Место в строю, пустующее без Матиаса, ныло, как загноившаяся рана.
У всех бывают чудачества. Отец Петар, например, считал, что духовному лицу не подобает проливать кровь – даже в бою и даже если это кровь неверных. Поэтому меч он не носил. И никакие доводы на него не действовали: ни то, что братья-рыцари тоже по сути своей клирики, ни рассказы о подвигах Эльсана [7]. За упоминание Эльсана он вообще мог епитимью наложить.
Но сказать, что он не носил оружия вовсе, было бы ошибкой: для орденского священника это уж слишком большая роскошь.

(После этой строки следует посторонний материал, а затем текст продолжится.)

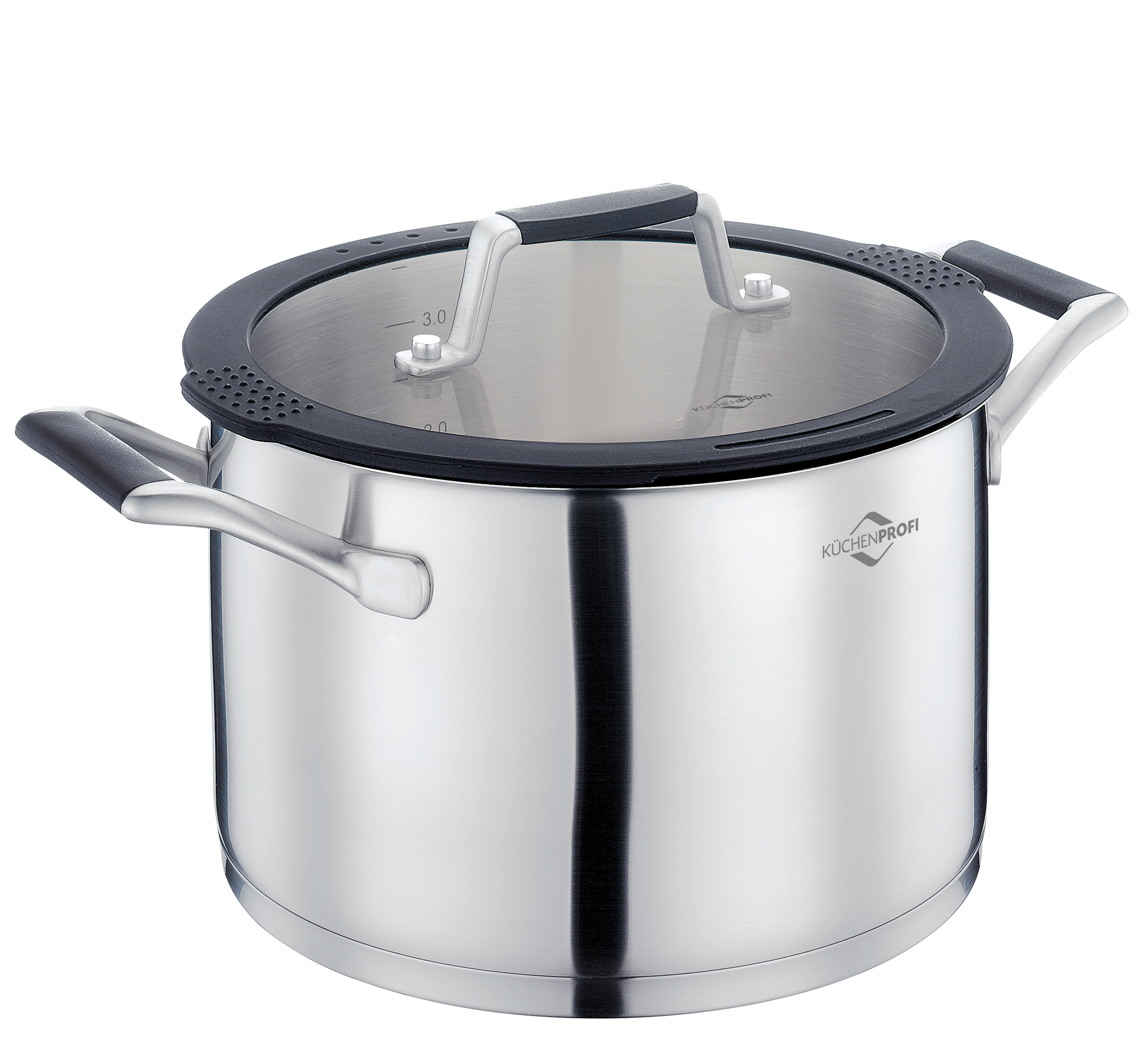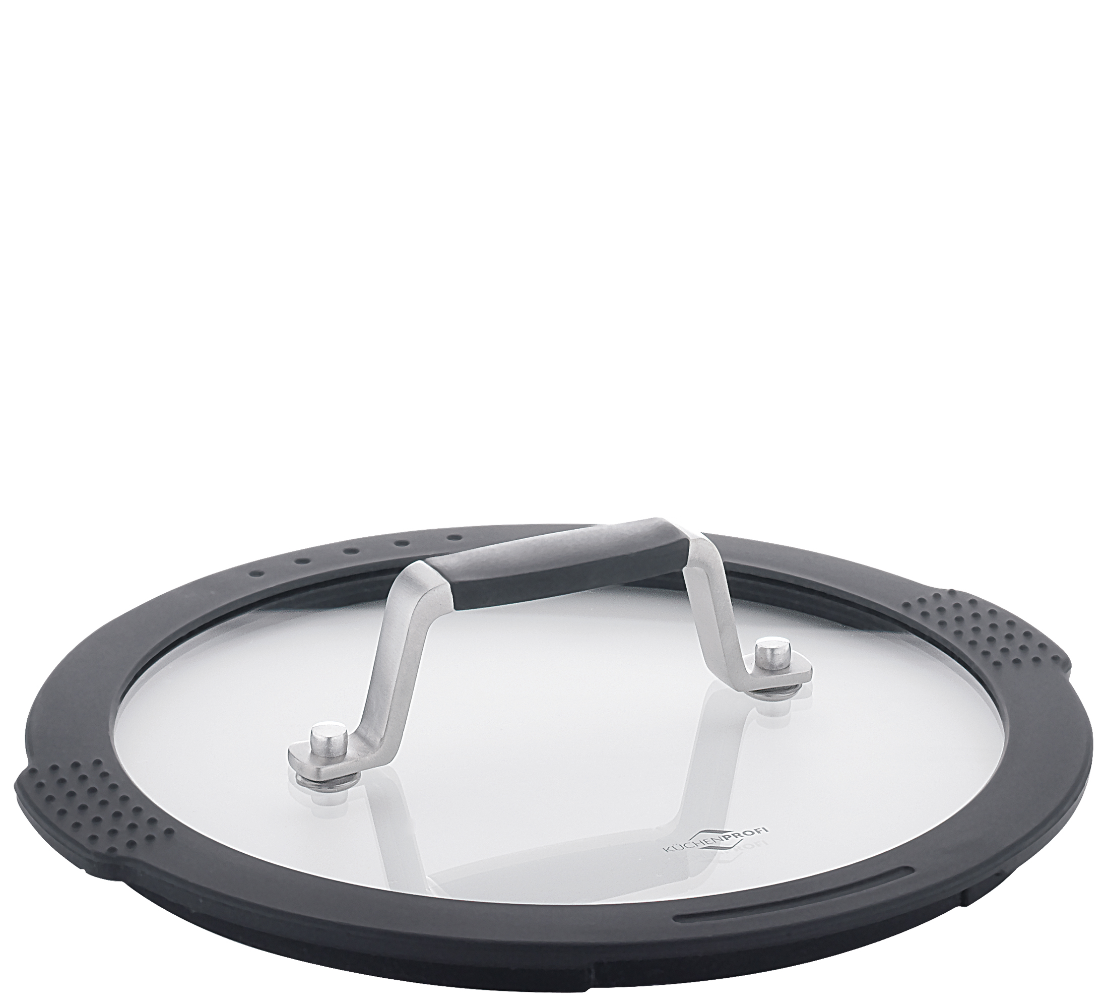 Material: rostfreier Edelstahl, Deckel aus Sicherheitsglas mit Silikonrand. Extrastarker Mehrschichtboden. Wärmeisolierende, silikonummantelte Griffe. Mit praktischer Innenskala. Geeignet für sämtliche Herdarten.
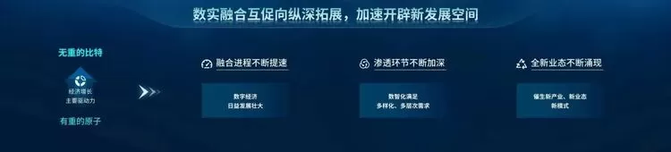 三是数实融合互促向纵深拓展,加速开辟新的发展空间。随着人类社会加速进入以信息为主导、信息和能量融合创新的全新阶段,无重量的“比特”日益取代有重量的“原子”成为经济增长的主要驱动力。数字经济和实体经济在更大范围、更宽领域、更深层次的融合发展和协同互促,必将为人类社会创造出更大的发展空间。融合进程不断提速,信息技术同实体经济的融合显著加快,推动数字经济日益发展壮大。渗透环节不断加深,数智化已成为高效满足经济社会发展多层次、多样化需求的重要手段。全新业态不断涌现,新应用层出不穷,数智人、元宇宙等新模式在电商直播、体育赛事等多领域深度运用,不断催生新产业、新业态、新模式。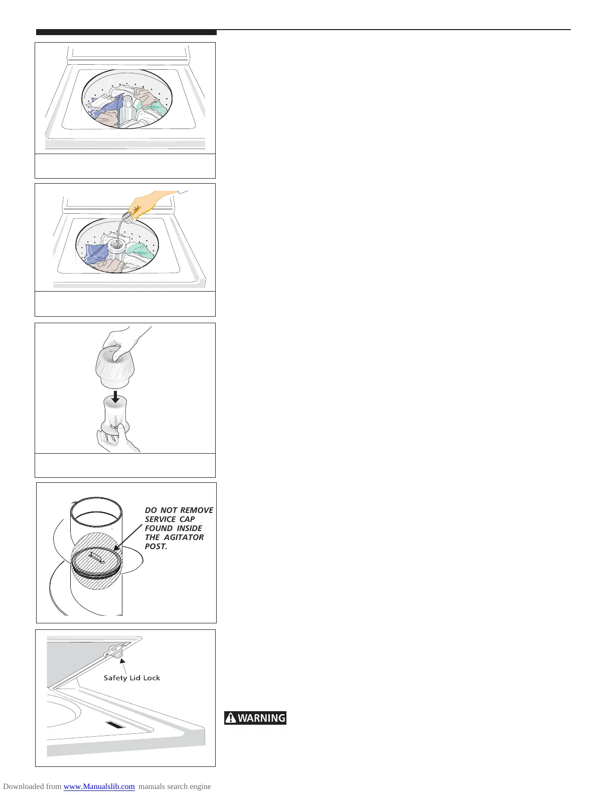 DO NOT REMOVE SERVICE CAP FOUND INSIDE THE AGITATOR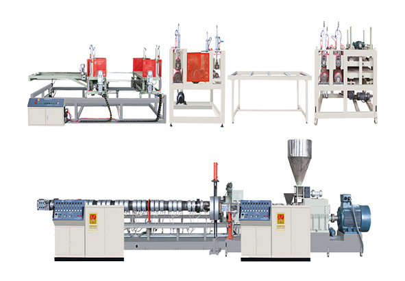 金象改進(jìn)型擠塑板生產(chǎn)線,第一組機組采用平行雙螺桿擠出機,雙螺桿擠出機特有的結(jié)構(gòu),將原料充分混合,螺桿轉(zhuǎn)速高,物料停留時間短。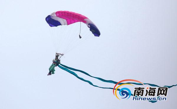 跳傘隊員們從天而降(南海網(wǎng)記者張茂攝)

А палица – она, конечно, кровь обычно не проливает, особенно при ударе по кольчуге… Если же человек после этого не встанет, то такова уж его судьба. После ударов отца Петара вообще-то вставали редко.

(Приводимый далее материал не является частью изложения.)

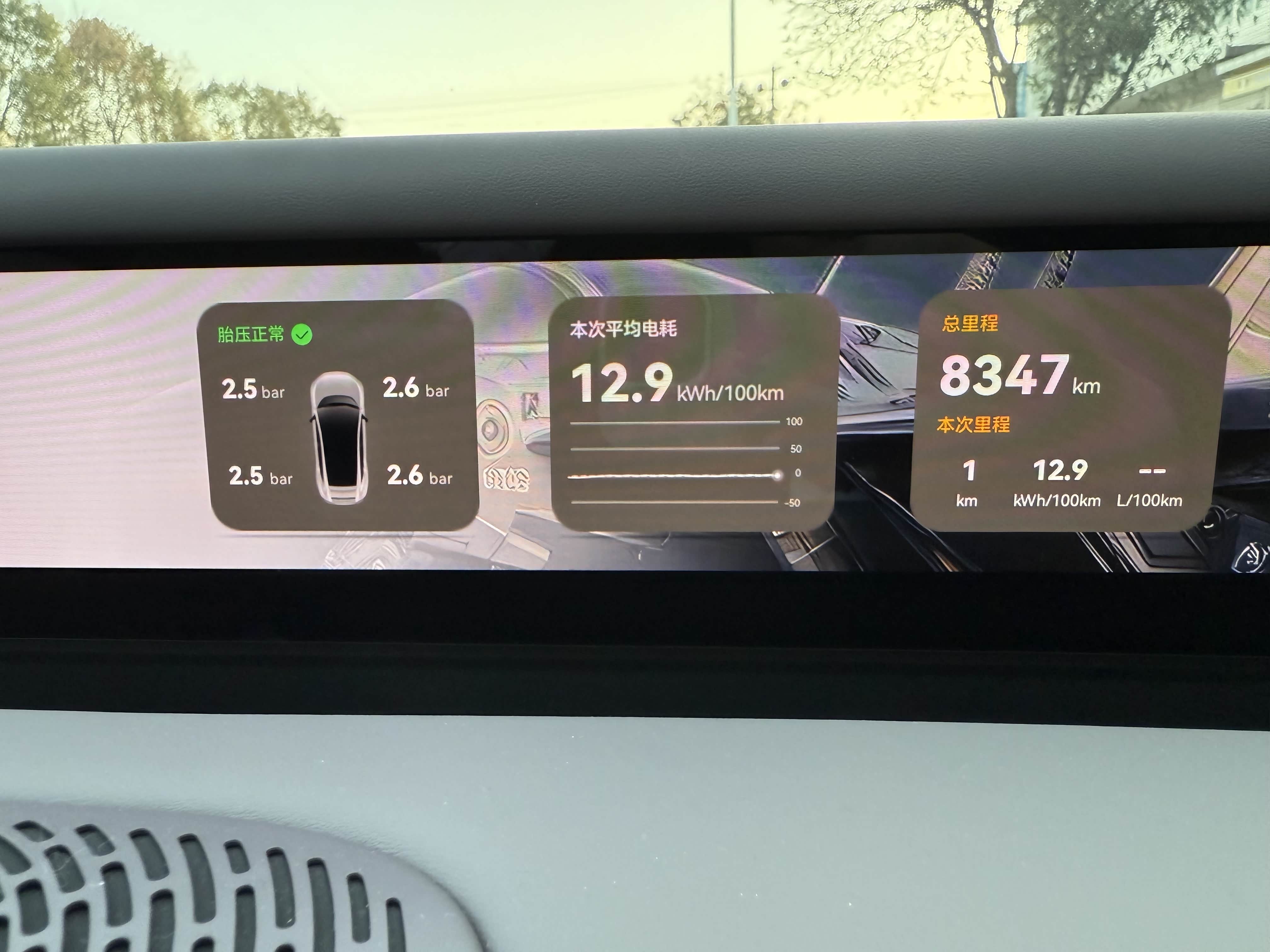 相比夏天开冷空调,开暖空调续航大打折扣,后面我在网上学习的电车冬日几个省电小技巧,最近把电耗控在14左右还算满意,首先就是和油车一样的预热,提前开启空调上车也不用冰屁股,给电池一个预启动的过程能耗也有所改善,二是胎压尽量补到2.7左右,四个轮保持一致,能降点能耗,也更安全。还有最重要的一点,就是别猛踩电门,匀速行驶,亲测车速控制在60km每小时最省电,尽量开省电模式,动能回收减速时还能反向补点电

Но в бою всякое случается, и иногда доводится «благословить» врага по шлему. От такого, понятно, иной раз кровь из носа и ушей хлынет, а порой даже глаз на щеку вывалится, что тоже без крови не бывает.
В таких случаях отец Петар очень огорчался, называл себя великим грешником. После сражения, бывало, порывался читать молитвы за загубленные души, даже если души эти принадлежали неверным. А это уже подлинный грех, да и просто ересь.
Немного утешало его сравнение последствий такого удара со взмахом аспергиллума, кропила для святой воды. От него точно брызги летят. Значит, можно считать: неверный в последний миг своей жизни получает-таки шанс принять крещение, раз уж все другие случаи он отверг. И это никакая не ересь…
Была и другая проблема. Все-таки, как ни крути, палица – оружие не на все случаи смерти. Кто бы иначе тогда мечи ковал? Иной раз враг, получив удар, пошатнется, упадет лицом на шею своего коня, но потом, глядишь, и в себя придет. Не через дни – через мгновения. Как раз когда ты к нему спиной окажешься.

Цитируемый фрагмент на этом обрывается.